***** Records for this task *****

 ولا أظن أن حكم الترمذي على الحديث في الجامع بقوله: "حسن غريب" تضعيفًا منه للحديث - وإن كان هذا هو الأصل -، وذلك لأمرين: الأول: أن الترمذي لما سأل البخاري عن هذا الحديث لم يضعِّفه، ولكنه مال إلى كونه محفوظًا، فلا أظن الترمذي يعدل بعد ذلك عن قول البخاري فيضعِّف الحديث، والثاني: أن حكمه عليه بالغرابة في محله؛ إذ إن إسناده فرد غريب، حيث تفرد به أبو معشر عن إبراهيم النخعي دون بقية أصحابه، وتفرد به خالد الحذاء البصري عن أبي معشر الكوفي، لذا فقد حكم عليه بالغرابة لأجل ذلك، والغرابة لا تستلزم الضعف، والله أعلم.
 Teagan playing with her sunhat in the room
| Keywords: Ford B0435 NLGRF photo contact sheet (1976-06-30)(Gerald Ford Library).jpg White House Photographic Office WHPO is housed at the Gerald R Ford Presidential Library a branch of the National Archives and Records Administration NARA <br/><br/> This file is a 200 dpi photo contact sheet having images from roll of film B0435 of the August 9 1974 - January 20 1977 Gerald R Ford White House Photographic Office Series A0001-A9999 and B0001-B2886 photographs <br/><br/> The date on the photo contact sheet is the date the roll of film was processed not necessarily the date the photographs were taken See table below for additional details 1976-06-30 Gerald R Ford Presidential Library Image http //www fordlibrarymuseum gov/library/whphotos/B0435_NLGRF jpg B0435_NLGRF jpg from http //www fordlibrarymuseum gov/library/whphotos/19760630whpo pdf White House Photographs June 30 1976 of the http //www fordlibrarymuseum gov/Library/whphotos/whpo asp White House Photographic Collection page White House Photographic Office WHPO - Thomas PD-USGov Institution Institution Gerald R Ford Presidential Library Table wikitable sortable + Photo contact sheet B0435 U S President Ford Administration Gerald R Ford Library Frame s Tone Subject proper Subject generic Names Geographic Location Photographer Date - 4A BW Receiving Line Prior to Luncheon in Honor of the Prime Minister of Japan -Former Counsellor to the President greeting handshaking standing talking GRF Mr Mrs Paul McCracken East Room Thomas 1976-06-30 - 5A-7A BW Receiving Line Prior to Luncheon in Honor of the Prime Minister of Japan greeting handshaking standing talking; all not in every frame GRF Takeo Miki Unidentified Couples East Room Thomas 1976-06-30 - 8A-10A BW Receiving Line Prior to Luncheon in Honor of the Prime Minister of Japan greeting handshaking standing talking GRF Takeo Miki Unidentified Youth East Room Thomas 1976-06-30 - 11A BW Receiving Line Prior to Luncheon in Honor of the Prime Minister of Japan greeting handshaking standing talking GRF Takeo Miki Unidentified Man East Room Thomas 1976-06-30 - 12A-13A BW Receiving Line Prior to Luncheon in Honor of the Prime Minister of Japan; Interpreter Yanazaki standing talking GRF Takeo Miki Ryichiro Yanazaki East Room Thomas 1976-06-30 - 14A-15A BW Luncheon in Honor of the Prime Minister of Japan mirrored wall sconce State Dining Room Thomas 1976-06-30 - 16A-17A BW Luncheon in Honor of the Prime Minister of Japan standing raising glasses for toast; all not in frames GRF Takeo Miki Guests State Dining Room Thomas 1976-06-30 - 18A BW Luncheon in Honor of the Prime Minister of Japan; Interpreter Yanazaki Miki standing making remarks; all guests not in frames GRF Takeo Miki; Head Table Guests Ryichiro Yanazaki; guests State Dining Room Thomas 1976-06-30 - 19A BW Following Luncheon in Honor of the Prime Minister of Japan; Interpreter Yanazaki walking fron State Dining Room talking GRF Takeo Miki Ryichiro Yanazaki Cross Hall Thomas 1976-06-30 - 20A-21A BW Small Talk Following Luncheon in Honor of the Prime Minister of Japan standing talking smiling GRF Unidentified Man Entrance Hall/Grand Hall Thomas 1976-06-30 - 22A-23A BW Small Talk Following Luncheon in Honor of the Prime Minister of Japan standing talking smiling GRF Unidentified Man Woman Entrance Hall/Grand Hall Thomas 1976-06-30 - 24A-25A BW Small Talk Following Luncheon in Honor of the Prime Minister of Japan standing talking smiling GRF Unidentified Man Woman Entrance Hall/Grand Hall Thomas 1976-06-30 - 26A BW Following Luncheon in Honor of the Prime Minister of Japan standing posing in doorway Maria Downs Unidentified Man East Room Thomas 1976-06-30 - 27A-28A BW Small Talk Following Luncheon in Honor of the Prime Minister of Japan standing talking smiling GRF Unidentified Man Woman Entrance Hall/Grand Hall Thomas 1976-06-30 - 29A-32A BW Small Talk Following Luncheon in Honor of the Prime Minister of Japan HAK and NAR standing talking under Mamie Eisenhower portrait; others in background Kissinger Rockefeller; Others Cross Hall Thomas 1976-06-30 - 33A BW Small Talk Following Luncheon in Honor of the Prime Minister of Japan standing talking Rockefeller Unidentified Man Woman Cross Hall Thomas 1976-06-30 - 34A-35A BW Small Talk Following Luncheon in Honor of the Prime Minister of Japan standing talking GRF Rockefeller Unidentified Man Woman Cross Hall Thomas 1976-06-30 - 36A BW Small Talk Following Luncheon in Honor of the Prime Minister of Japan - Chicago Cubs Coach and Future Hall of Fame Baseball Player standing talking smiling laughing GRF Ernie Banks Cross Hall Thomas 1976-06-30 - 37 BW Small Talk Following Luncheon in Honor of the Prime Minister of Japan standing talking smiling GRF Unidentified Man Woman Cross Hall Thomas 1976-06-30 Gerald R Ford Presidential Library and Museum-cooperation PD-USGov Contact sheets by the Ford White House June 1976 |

*****
***** Records for this task *****

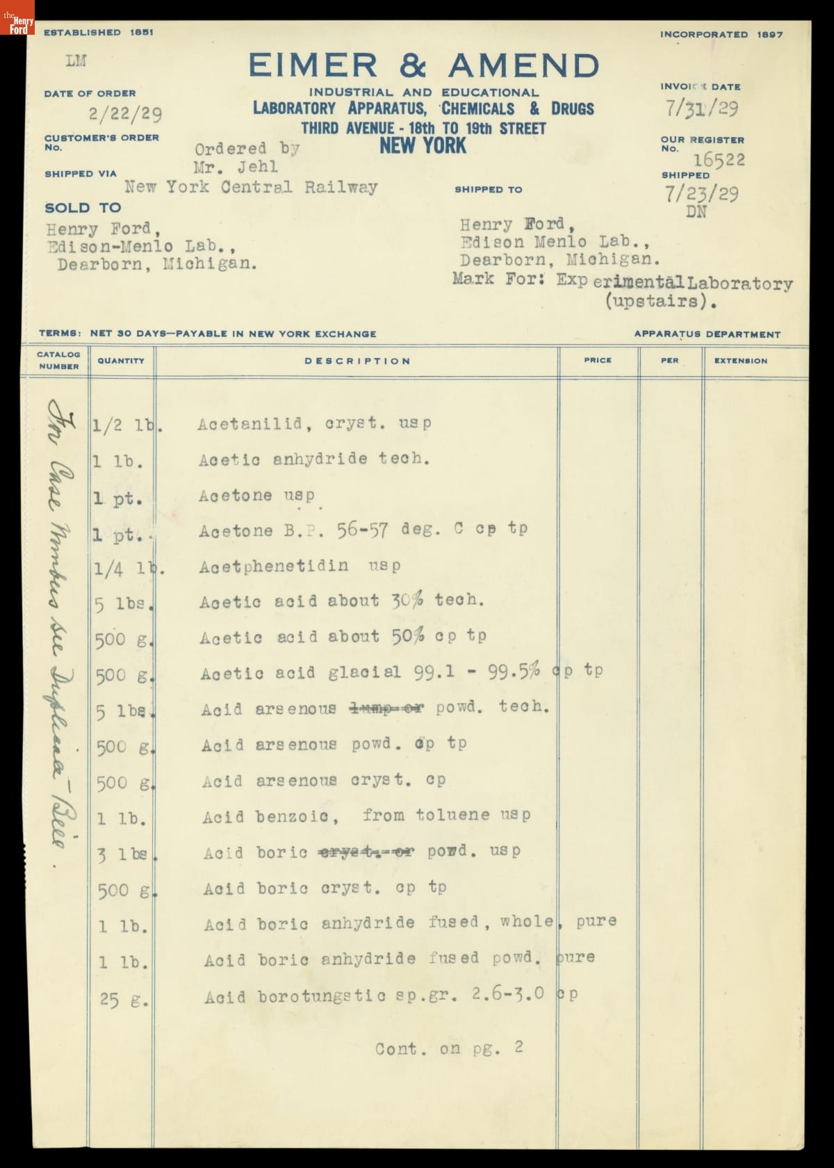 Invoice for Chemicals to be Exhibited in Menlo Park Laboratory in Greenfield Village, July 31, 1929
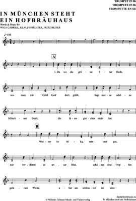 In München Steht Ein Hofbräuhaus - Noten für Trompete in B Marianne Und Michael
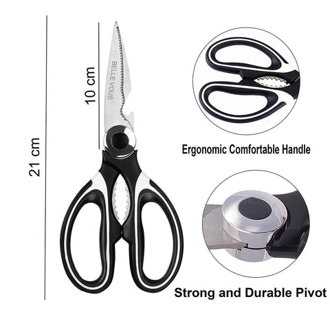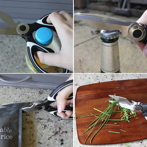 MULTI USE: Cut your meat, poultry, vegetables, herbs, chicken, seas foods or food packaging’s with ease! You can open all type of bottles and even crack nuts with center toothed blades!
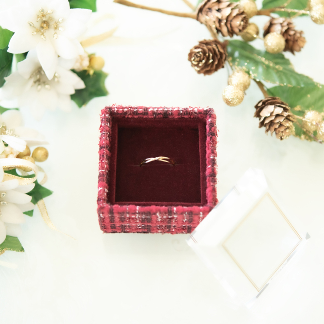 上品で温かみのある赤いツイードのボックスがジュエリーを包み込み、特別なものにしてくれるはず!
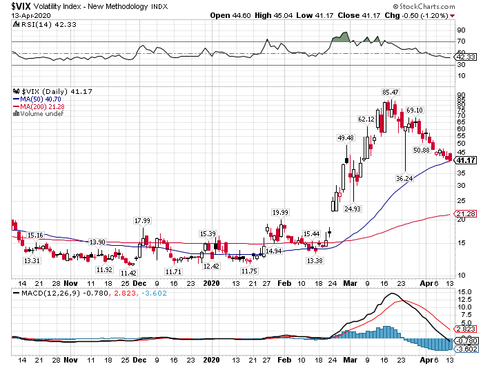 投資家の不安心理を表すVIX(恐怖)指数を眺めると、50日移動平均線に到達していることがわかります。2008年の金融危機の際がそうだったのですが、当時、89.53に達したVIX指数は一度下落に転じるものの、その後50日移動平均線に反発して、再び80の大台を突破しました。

*****

• [Work request]
For the material above, give again only the lines starting at the line that contains "Invoice for Chemicals" and ending at the line that contains "投資家の不安心理を表すVIX". Pictures do not belong in the copy.

• [Answer to this exercise]
 Invoice for Chemicals to be Exhibited in Menlo Park Laboratory in Greenfield Village, July 31, 1929
 In München Steht Ein Hofbräuhaus - Noten für Trompete in B Marianne Und Michael
 MULTI USE: Cut your meat, poultry, vegetables, herbs, chicken, seas foods or food packaging’s with ease! You can open all type of bottles and even crack nuts with center toothed blades!
 上品で温かみのある赤いツイードのボックスがジュエリーを包み込み、特別なものにしてくれるはず!
 投資家の不安心理を表すVIX(恐怖)指数を眺めると、50日移動平均線に到達していることがわかります。2008年の金融危機の際がそうだったのですが、当時、89.53に達したVIX指数は一度下落に転じるものの、その後50日移動平均線に反発して、再び80の大台を突破しました。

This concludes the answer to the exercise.